A septic tank much reduces the nitrogen present, which the anaerobes use for respiration, to reduce the growth rate. It uses settling. It leaves a foul smell and is a health hazard as the treatment is plain inadequate leaving too much stuff. Also needs a large tank as the processing rate is very slow.

Aerobic treatment systems include composting toilets, biolytic ones, and the main part of conventional plants (though they use a combination when it suits them).

I'll skip the details, but if people just can't bear to part with their flushies, then probably the most long term reliable way that is workable for recycling and in the public domain (unlike biolytix system) would based on rotating biological contactors to provide both aeration and retention of biomass. Probably 3 stage to keep the size about a third the size of a single stage unit. Before them would be an anaerobic and settling stage for settling of toilet paper etc. as that really helps reduce the BOD and particulates. Then put it through a chlorinator like the QAEC I describe on my blog.

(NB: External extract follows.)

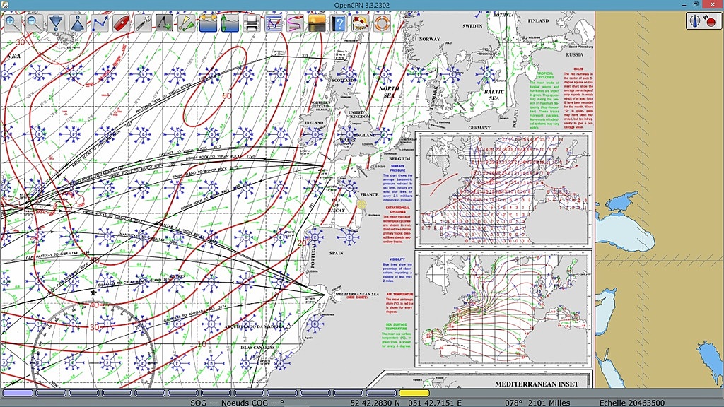 Je voudrais quand même rappeler une nouvelle fois que pour les vents, il y a bien mieux que les pilot charts du milieu du XXe siècle. Bien sûr, pas affichable sur OpenCpn ou ailleurs mais la qualité vaut sans doute un petit effort...

Better still though is to stick to humanure systems, simpler, cheaper, easier, proven trouble free. There are systems that eliminate the buckets etc. out there and can be copied.

Actually, come to think of it, maybe with microflush toilets (0.5 liters) it could be done as an interface to the humanure system, but I see no advantages to vermicomposting over humanure unless it makes better fertilizer or something. You would have to check to see if the amount of water going onto the pile is excessive by comparing the amount that should be added according to the humanure handbook. I suspect it would be.

Lastly, a legitimate option is to just use shower water to flush then pasteurize the water an just put it at some distance away downwind as fertilizer, or dehydrate and pasteurize for solid fertilizer. The only problem is smell, but I wonder if it would really be that bad, as long as it does not stand long enough for any anaerobic decomposition and is spread adequately it is no different from sheep goat cow or dog poop.